Springrose’s sales follow a fairly traditional retail calendar with a surge in Q4 followed by a dip in sales at the start of the next year. Sales pick up again in the spring with less volume in the summer. Nicole says she uses the periods of slower sales to build out and schedule the marketing assets so that they’re ready to go when sales pick up and more focus is required on customer-support needs. “We want to be doing the work in Q3 for Q4,” Nicoles says, “so we're not stressed and running around during Q4 because we're going to have higher customer-support needs.”
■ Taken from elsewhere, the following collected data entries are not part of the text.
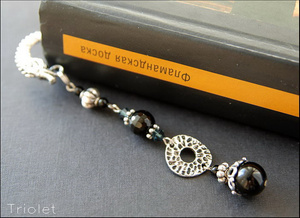 Длина основы 12 см, ларвикит, "кошачий глаз", кристалл Сваровски Crystal clear.
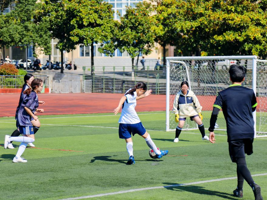 开幕式后,随着裁判员的一声哨响,best365官网队和外国语公司队率先开局,选手们充分发挥个人优势,利用团队协作配合,抓住对方防守漏洞,多次在对方门前创造进攻机会。我方守门员严防死守,多次阻挡对方强烈攻势。战况激烈,白紫相间的身影来回跑动,团结协作的精神在每个队员中传递。最终best365官网以5:0赢得首场比赛的胜利。
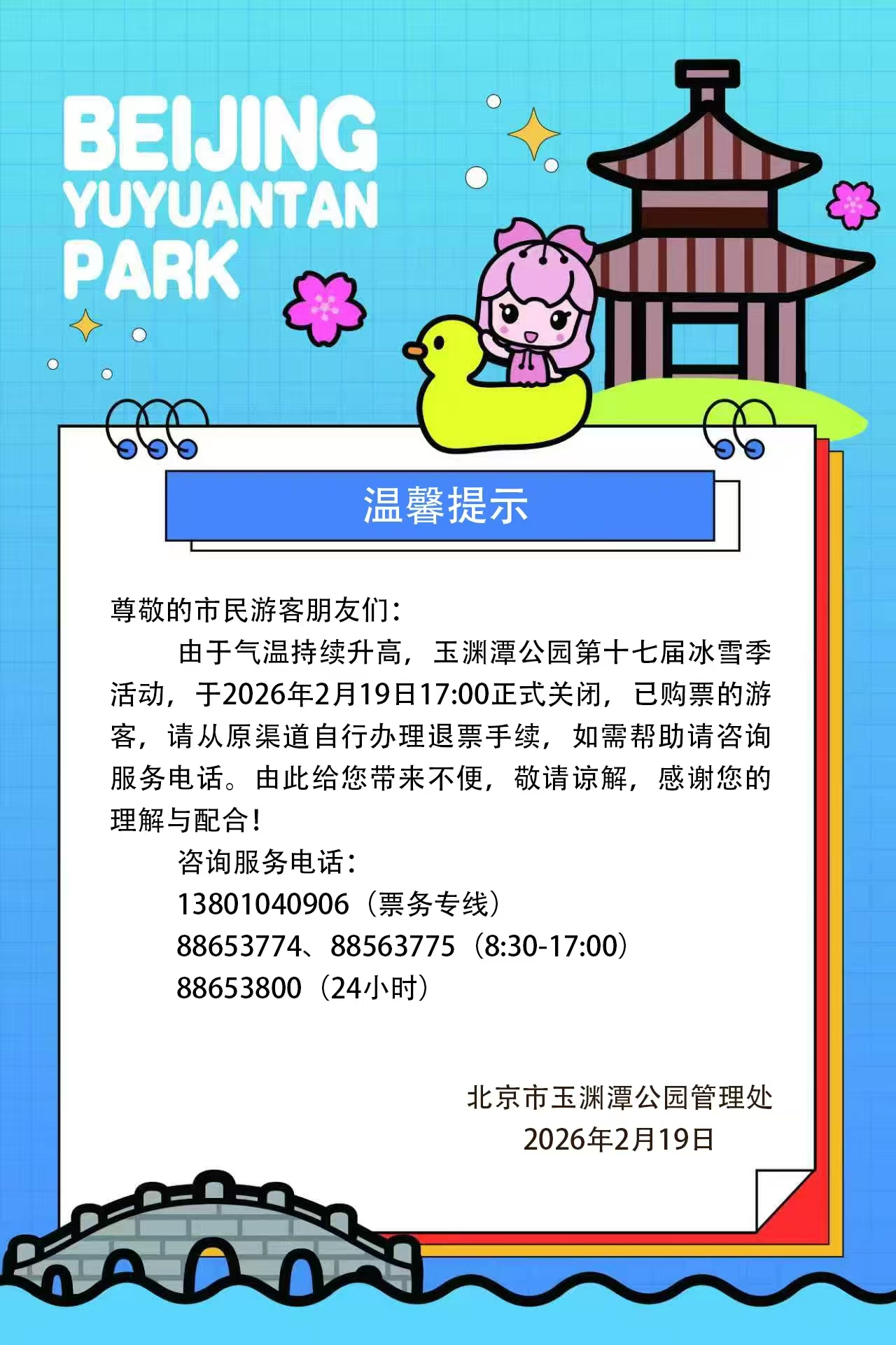 玉渊潭公园发布温馨提示:由于气温持续升高,玉渊潭公园第十七届冰雪季活动于2026年2月19日17:00正式关闭,已购票的游客,请从原渠道自行办理退票手续,如需帮助请咨询服务电话。
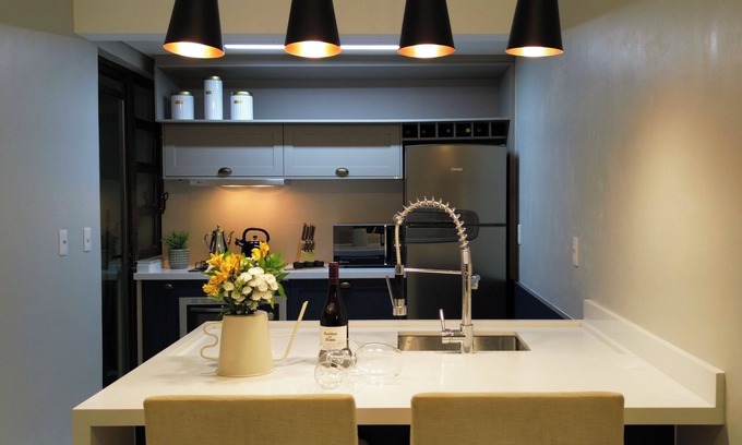 While you're here, you can enjoy all the comforts of home and more, including WiFi and a bidet, as well as air conditioning and an ironing board. Other amenities include laundry facilities, towels, soap, and toilet paper.
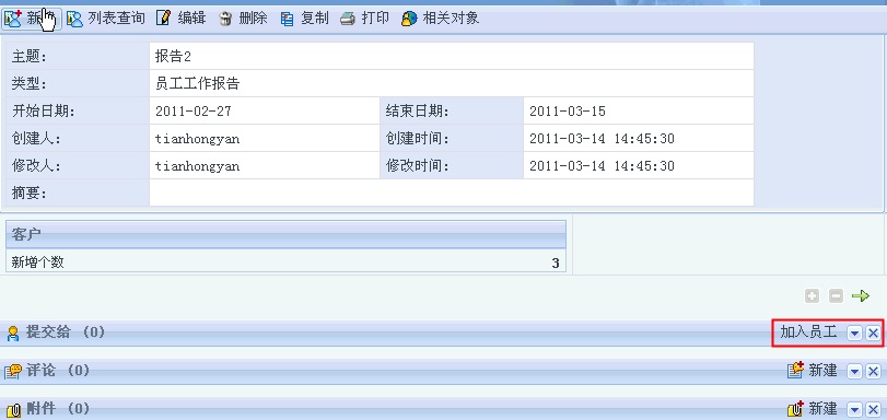在工作報(bào)告的查看頁面,點(diǎn)擊工作報(bào)告相關(guān)對(duì)象,提交給后的[加入員工]按鈕
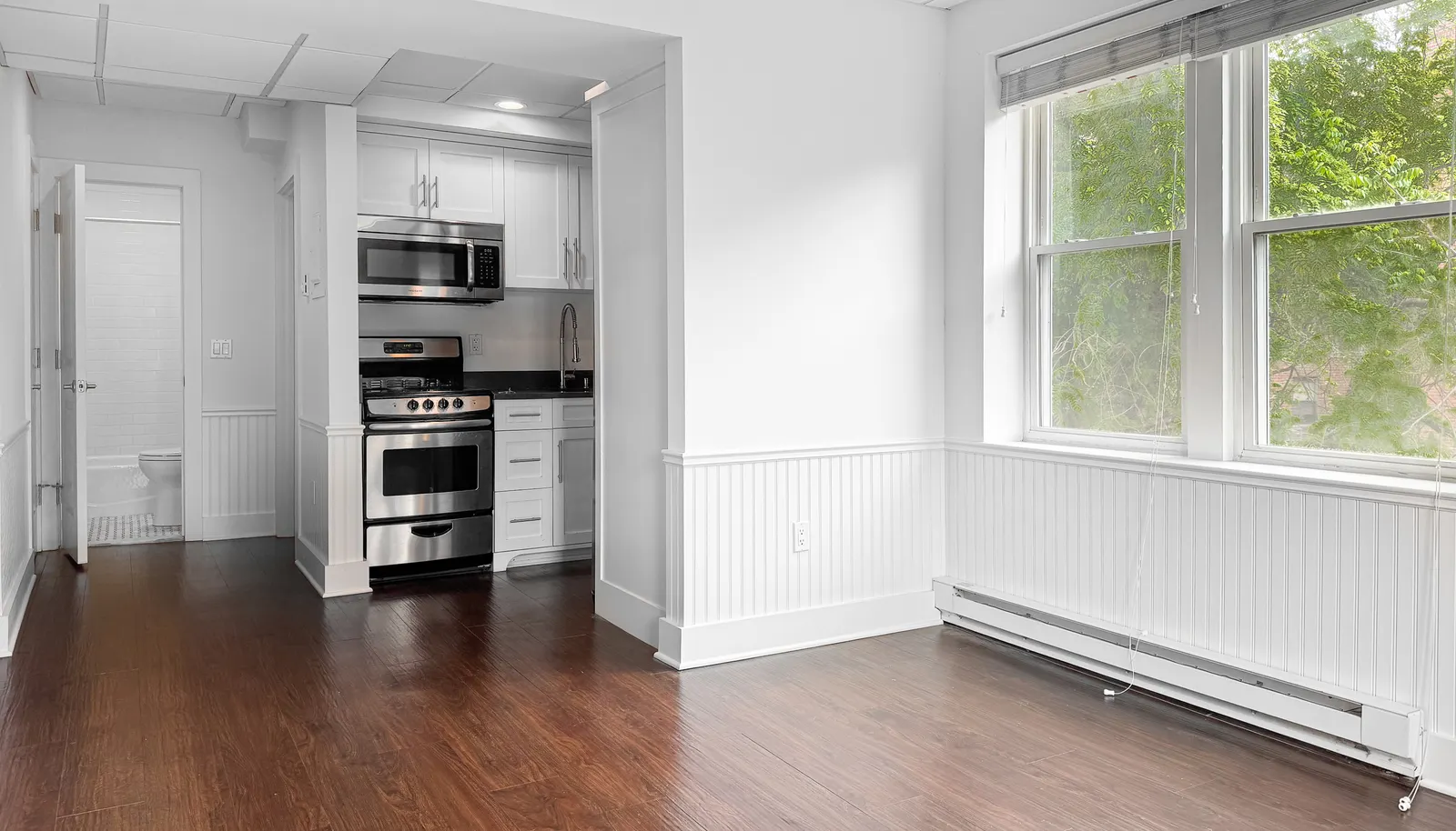 Remodeled studio reconfigured to include a separate enclosed room with a window and closet, ideal as a bedroom or den. All new kitchen with granite...
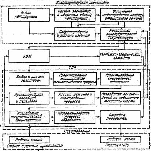 При решении задач ТеПП особое внимание следует уделить унификации и стандартизации изделий, технологических процессов, переналаживаемой технологической оснастки, станочных модулей и ГПС. Одновременно необходимо решить вопросы разработки единого математического и программного обеспечения систем автоматизированного проектирования, технологической подготовки, планирования и организации производства. От отдельных систем, способных решать лишь частные вопросы, следует переходить к созданию интегрированных систем, охватывающий весь производственный комплекс – исследования, конструкторские и технологические разработки, проектирование, планирование и организацию производства, управление технологическими процессами и качеством продукции и др. Это возможно только в условиях автоматизации ТеПП на основе единой информационной базы.

Gorgias. “It's easy,” says Nicole. “It's what we know. It's very affordable for smaller brands and it's what we've been using since the beginning. Do we use the full functionality? No. Could we be more organized? Yes, but you're winning where you can, and you don't do the things that you don't need.
One of the most important things an entrepreneur can do, says Nicole, is to reframe setbacks and challenges as opportunities for growth. It’s the best way to keep the inevitable day-to-day difficulties from becoming a weight that drags you down. “You have to be optimistic as a person,” she says, “It's a muscle you have to work on. People say, ‘You can be born optimistic and not optimistic.’ And that's true, but it is a muscle you have to work on to see things positively. To say, ‘OK, there's this setback, but what can that mean? How can that be good for me? What could that mean in terms of progress, focus, knowledge?’ “
Can’t-live-without tool? In my business, it’s Shopify. I think I could have a brick-and-mortar store one day, but the convenience of Shopify and the ecosystem that they've built around apps is essential. It's expensive, but it makes things easier and faster a lot of the time. In my personal life, my Kindle. I love reading. It's my escape. It's how I decompress. Just being able to read anywhere I am is really handy.
Key hiring trait? Empathy. Our customers are unique. They're very varied. They're all over the place. But at the end of the day, if you don't have empathy for our customers, you won't understand them and you won't be able to serve them. Almost everybody we have that we work with has some sort of personal connection to what we're doing. And it's not hard to find. Everybody knows somebody who has had an injury or a disability.
#1 challenge as a leader? Trust the people you've hired to know what they're doing. Take their opinions into consideration. Really involve them in the decision-making process. It's giving over that power and that decision making to them in the areas of their expertise. If their idea doesn’t raise any red flags, why not go with the thing that they think is best? They should know best because they're the expert at that. That's why you hired them.
Recent book: I'm currently reading “Who Not How.” A mentor recommended that to me. Another one is “Selling Sexy” which is the story of Victoria's Secret.